More and more software that is useful today is distributed as web applications. Some comes with docker images, some have to be installed with handling dependencies. Most of them implements some form of login (authentication) to access them.

While having one or two of them is manageable, with many of those installed, it becomes a chore to log into each application and deal with their own expiration date. The interface isn't consistent either so it's disturbing for a user (even for a tech savvy user), so it'd be prone to phishing attacks.

In this tutorial, I'll try to explain and implement a solution so that you have a single login page for all your applications, while protecting them from abuse and unwanted attackers.

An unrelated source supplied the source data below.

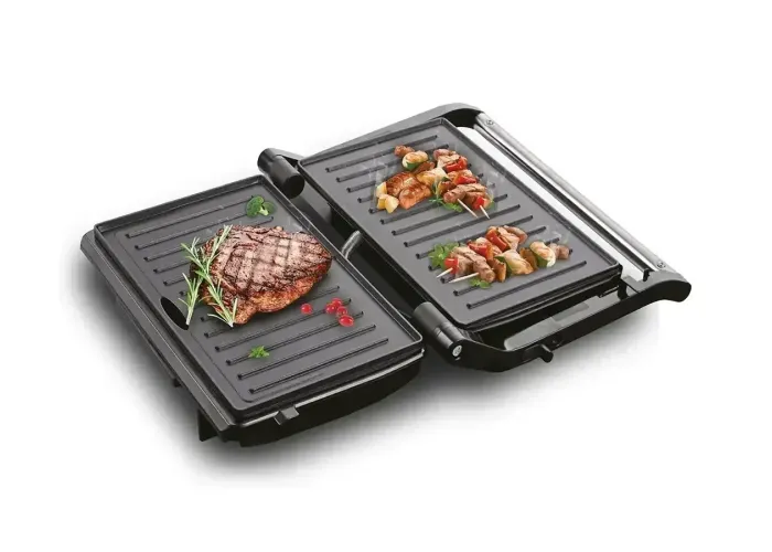 Протипригарне покриття пластинка готування стає простою і швидкою, а зручні робочі поверхні, що розкриваються на 180 градусів, дають змогу вам приготувати кілька страв одночасно.
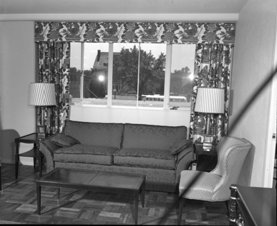 Image shows an interior shot of the Cattlebaron T-bar suite at the nearly completed Westchester House hotel, a new 12-story apartment style hotel located at Pennsylvania and Summit in Fort Worth. Published in the morning edition, May 27, 1951.
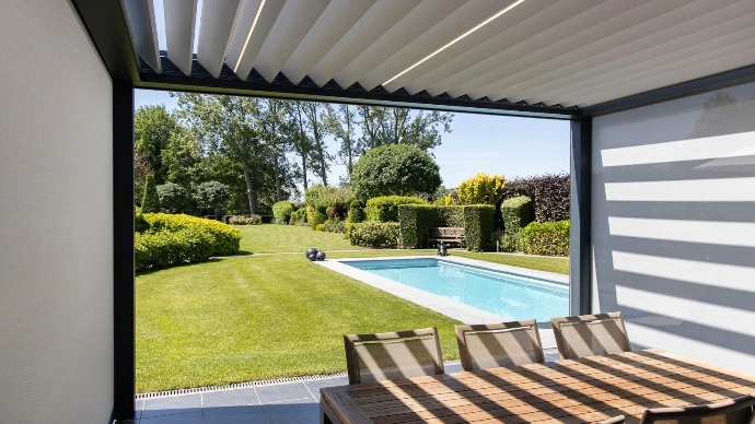 Dankzij de perfect aansluitende lamellen en geïntegreerde waterafvoer geniet je van een uitzonderlijk comfortabele buitenruimte, zelfs bij minder goed weer.
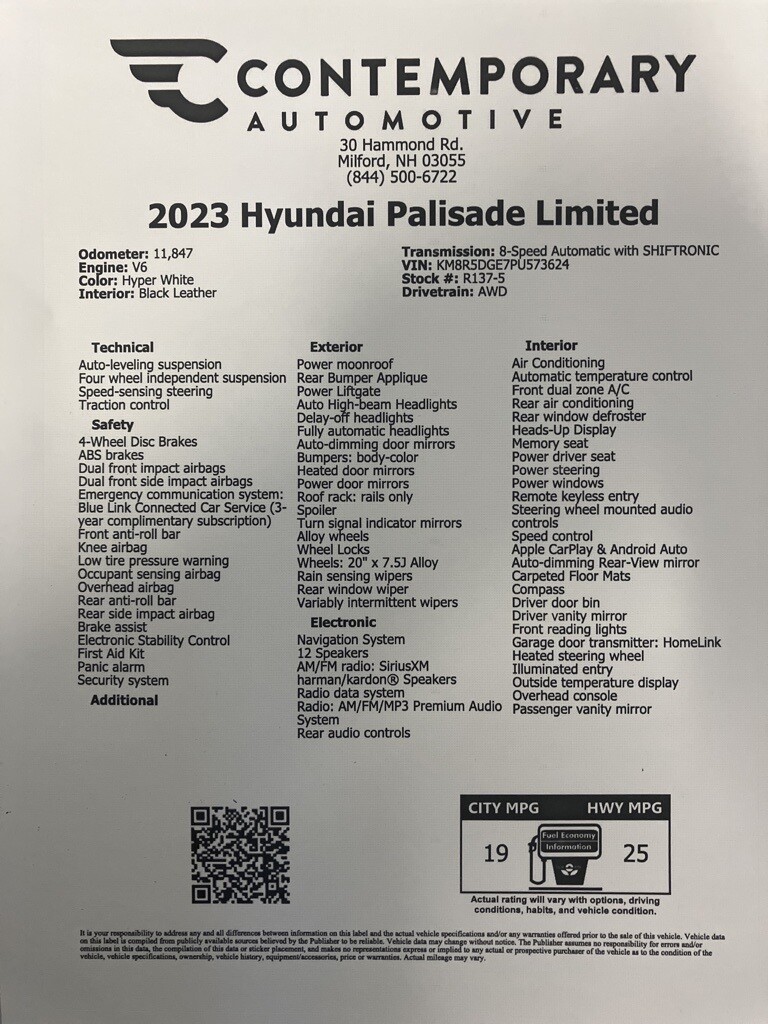 Recent Arrival! CONTEMPORARY CHRYSLER DODGE JEEP RAM is proud to present you with another True Market Priced Pre-Owned Vehicle. This 2023 Hyundai Palisade Limited is loaded with the following Factory Options: Option Group 01, 12 Speakers, 3.648 Axle Ratio, 3rd row seats: split-bench, 4-Wheel Disc Brakes, ABS brakes, Air Conditioning, Alloy wheels, AM/FM radio: SiriusXM, Apple CarPlay & Android Auto, Auto High-beam Headlights, Auto-dimming door mirrors, Auto-dimming Rear-View mirror, Auto-leveling suspension, Automatic temperature control, Brake assist, Bumpers: body-color, Cargo Net, Carpeted Floor Mats, Compass, Delay-off headlights, Driver door bin, Driver vanity mirror, Dual front impact airbags, Dual front side impact airbags, Electronic Stability Control, Emergency communication system: Blue Link Connected Car Service (3-year complimentary subscription), First Aid Kit, Four wheel independent suspension, Front anti-roll bar, Front Bucket Seats, Front Center Armrest, Front dual zone A/C, Front reading lights, Fully automatic headlights, Garage door transmitter: HomeLink, harman/kardon Speakers, Heads-Up Display, Heated & Ventilated Front Bucket Seats, Heated door mirrors, Heated front seats, Heated rear seats, Heated steering wheel, Illuminated entry, Knee airbag, Leather Seat Trim, Low tire pressure warning, Memory seat, Navigation System, Occupant sensing airbag, Outside temperature display, Overhead airbag, Overhead console, Panic alarm, Passenger door bin, Passenger vanity mirror, Power door mirrors, Power driver seat, Power Liftgate, Power moonroof, Power passenger seat, Power steering, Power windows, Radio data system, Radio: AM/FM/MP3 Premium Audio System, Rain sensing wipers, Rear air conditioning, Rear anti-roll bar, Rear audio controls, Rear Bumper Applique, Rear reading lights, Rear side impact airbag, Rear window defroster, Rear window wiper, Reclining 3rd row seat, Remote keyless entry, Roof rack: rails only, Security system, Speed control, Speed-sensing steering, Split folding rear seat, Spoiler, Steering wheel mounted audio controls, Tachometer, Telescoping steering wheel, Tilt steering wheel, Traction control, Trip computer, Turn signal indicator mirrors, Variably intermittent wipers, Ventilated front seats, Ventilated rear seats, Wheel Locks, and Wheels: 20 x 7.5J Alloy!!
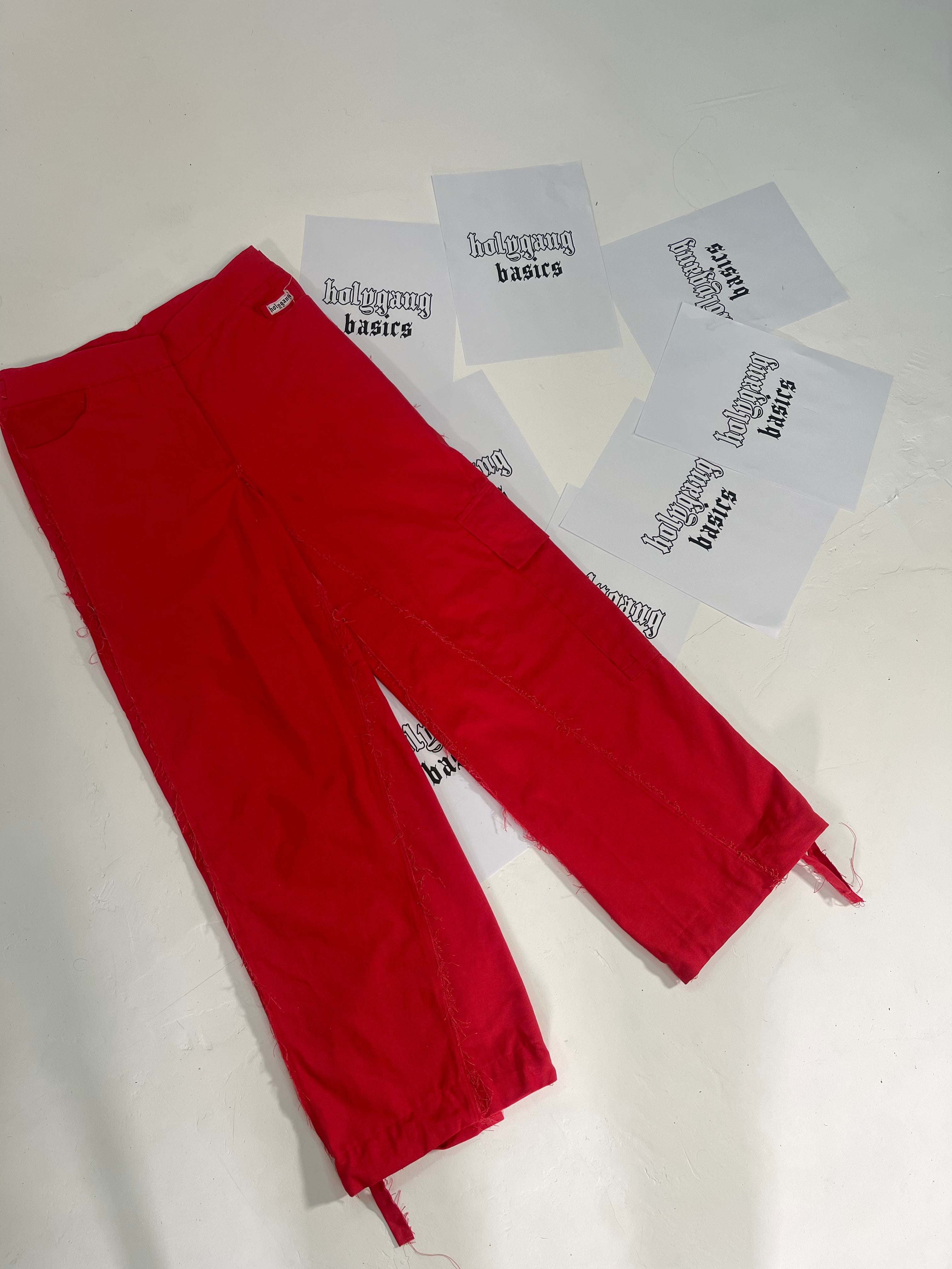 Produto: Calça Cor: Vermelha Modelagem: Solta Cintura: Zíper, fecho e reguladores no cós Barra: Reguladores na barra Tecido: Sarja Acabamento: Embutido Composição: Algodão 100% reciclado Detalhe: Bolso Faca frontal, Bolso Cargo lateral e Bolso Básico traseiro Fabricante: Holygang *Na foto a modelo veste tamanho P...
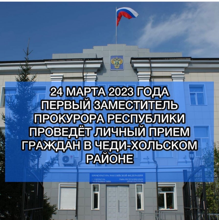 24 марта 2023 года первый заместитель прокурора Республики Тыва Владимир Большунов проведет личный прием граждан Чеди-Хольском районе.
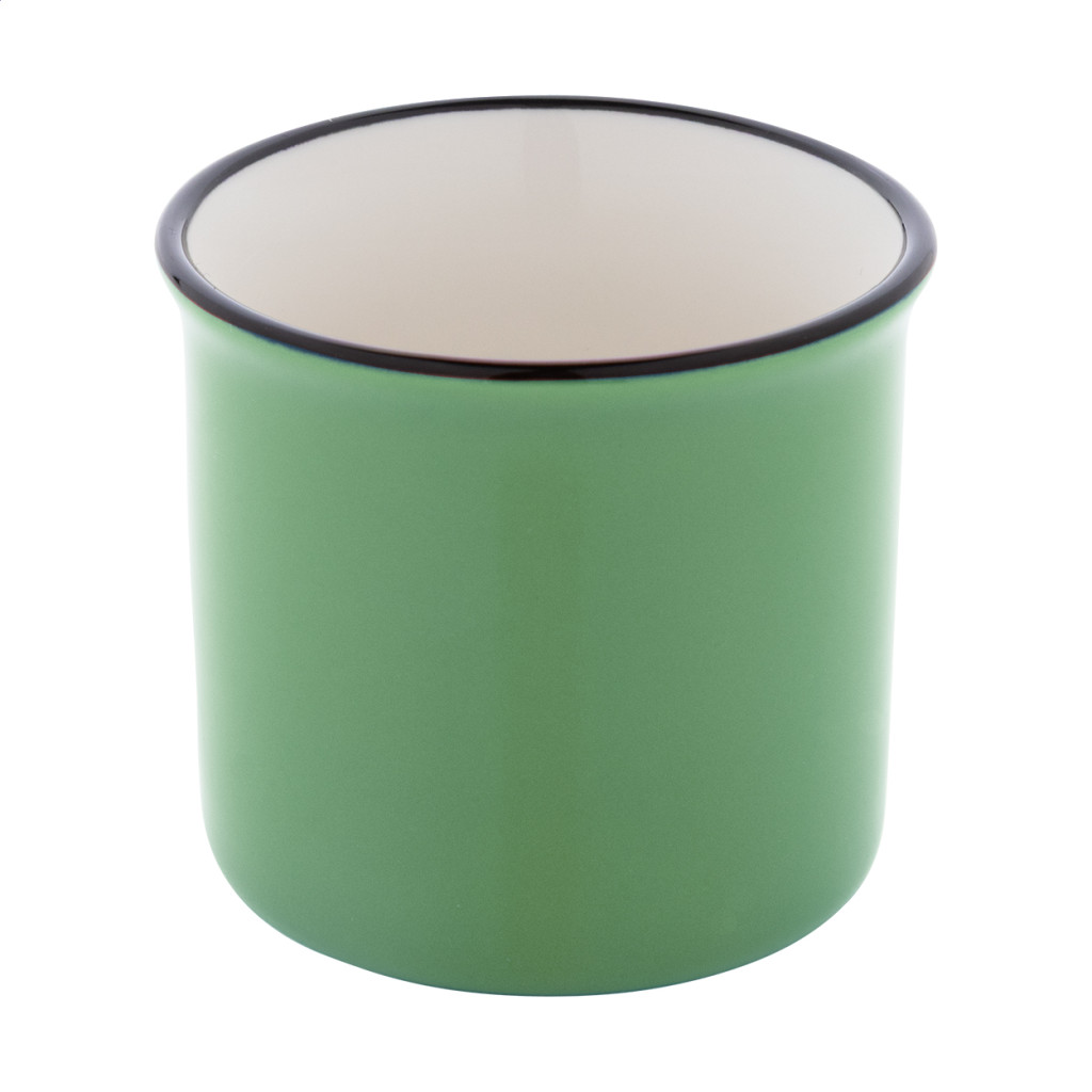 Mini vintage kerámia bögre fekete peremmel, belül fehér kívül színes bevonattal, 90 ml. Kraft papír dobozban.
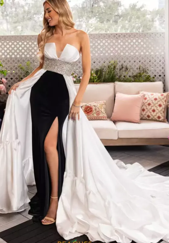 Need an elegant, bold dress? Rachel Allan Pageant dress 50381 is the one for you! The long fitted velvet skirt with a slit, paired with a beautiful satin overskirt that flows behind you, is a perfect mix of sexy and chic. You’ll steal the spotlight as you shine under the light with the beaded waistband/bodice that snatches your waist and highlights your curves. You can accessorize this dress with your favorite necklace that will pair well the strapless v neckline.
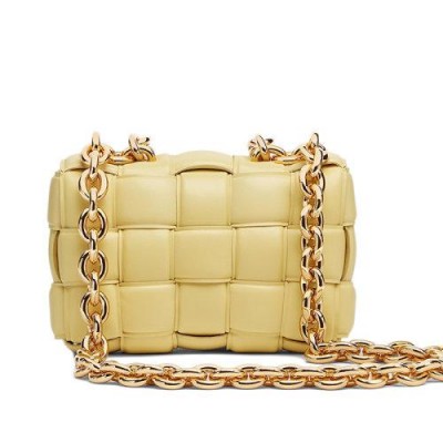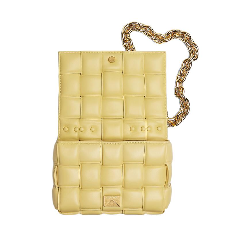 【包稅】Bottega Veneta/葆蝶家經典款CHAIN CASSETTE系列女士黃油色小羊皮編織鏈條單肩斜挎豆腐包631421VBWZ09316
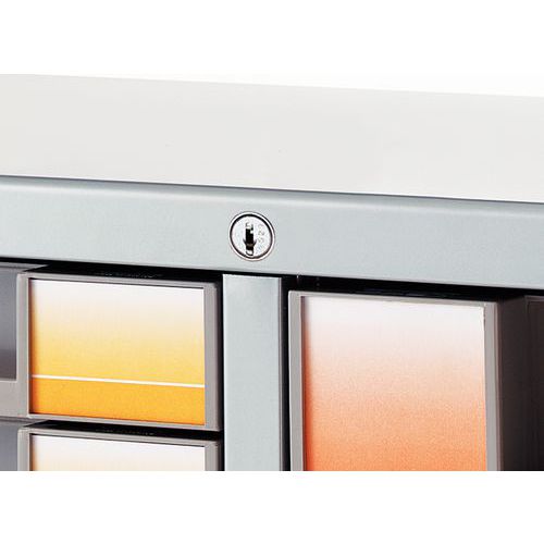 | Productnaam | Slot voor kast en toonbank, Frame kleur: Grijs, Type: Voor 3 koloms ladekast, Geleverd gemonteerd: ja |
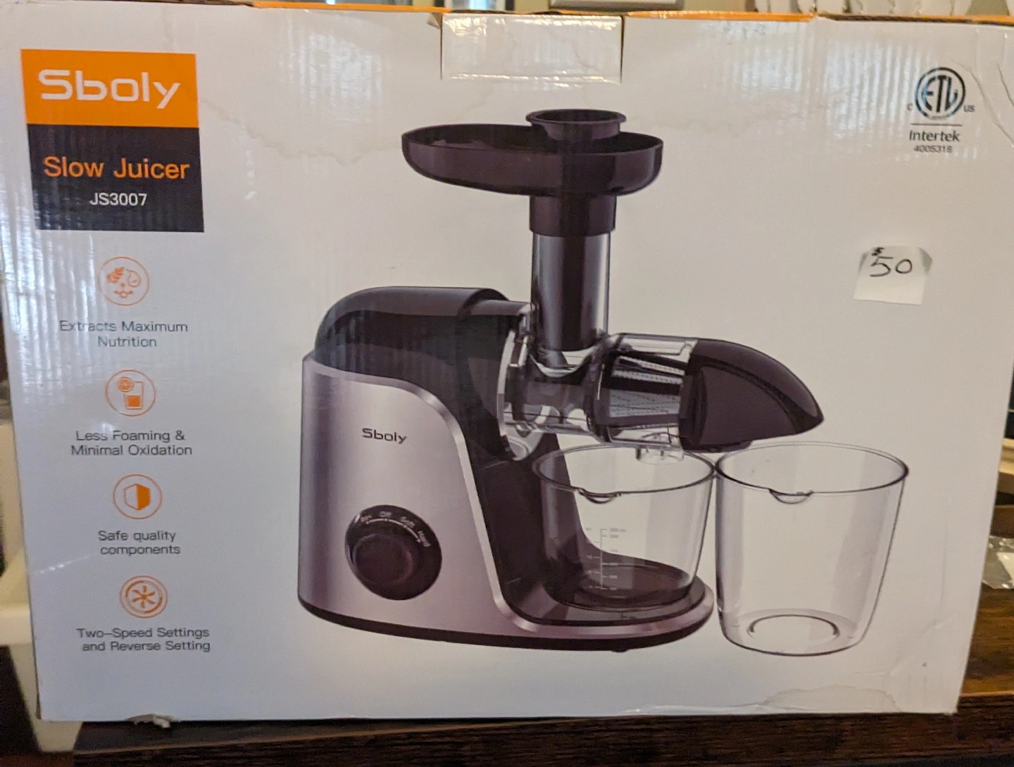 Brand new in box - Never used!! Selling a Sboly Slow Juicer, model JS3007! It extracts maximum nutrition and offers two-speed settings with a reverse setting. It also provides a more serene juicing experience with reduced noise. Key features include: - Extracts Maximum Nutrition - Two-Speed Settings and Reverse Setting - Reduced Noise - Less Foaming & Minimal Oxidation - Easy to Clean - Safe quality components It comes with the user manual and is in its original box

So instead of this: Before

What is Single Sign On (SSO) ?

The tech sphere loves to use glossary and acronyms, so we have to learn their language to use their tools. SSO stands for single sign on. It's a collection of techniques to defer authentication to a single service that'll check whether a user of a ressource is authorized to access this ressource. If she is, the process is transparent and the service doesn't get in the way. Else a redirect to the login page is performed and credentials are verified.

It'll act like this: After

Why is it better than multiple login pages ?

The more applications you have, the higher the risk that one is compromised/hacked. If a login can be bypassed in one application, the attack surface of the complete application is available for the hacker. With a SSO solution, the login being redirected to a single application, there only one code that needs to be well audited and secure anymore. With such solution, the user will always be presented the same login page whatever the final applications she will be using. So phishing attacks are harder, since it's harder to fool someone on a tool she's used to use than on some sparsely used application.

How was it done before SSO was a thing ?

One old solution to this problem was to use a software stack with the same framework (for example, a PHP website, and hook into session_start for each application in the login process). But this solution becomes unmanageable as soon as you mix different software stacks (PHP, Laravel, Go, npm, etc...).

Then different solution appeared, with hard to guess acronyms and even harder to explain (like SAML, OIDC, OAuth2...).

Internally, it's behaving more or less like this: Proxy

Ok, Got it, let's do it!

They are multiple tutorial to install Authelia from a docker container (like this one)

However, I don't think it's a good idea to use a docker container here, it makes maintenance harder (one often forget to update her container since it's separated from the OS update system) and doesn't really improve security here (since one should still open the same port for the docker's container), reduce the performance (proxying network connections from containers to containes have a price).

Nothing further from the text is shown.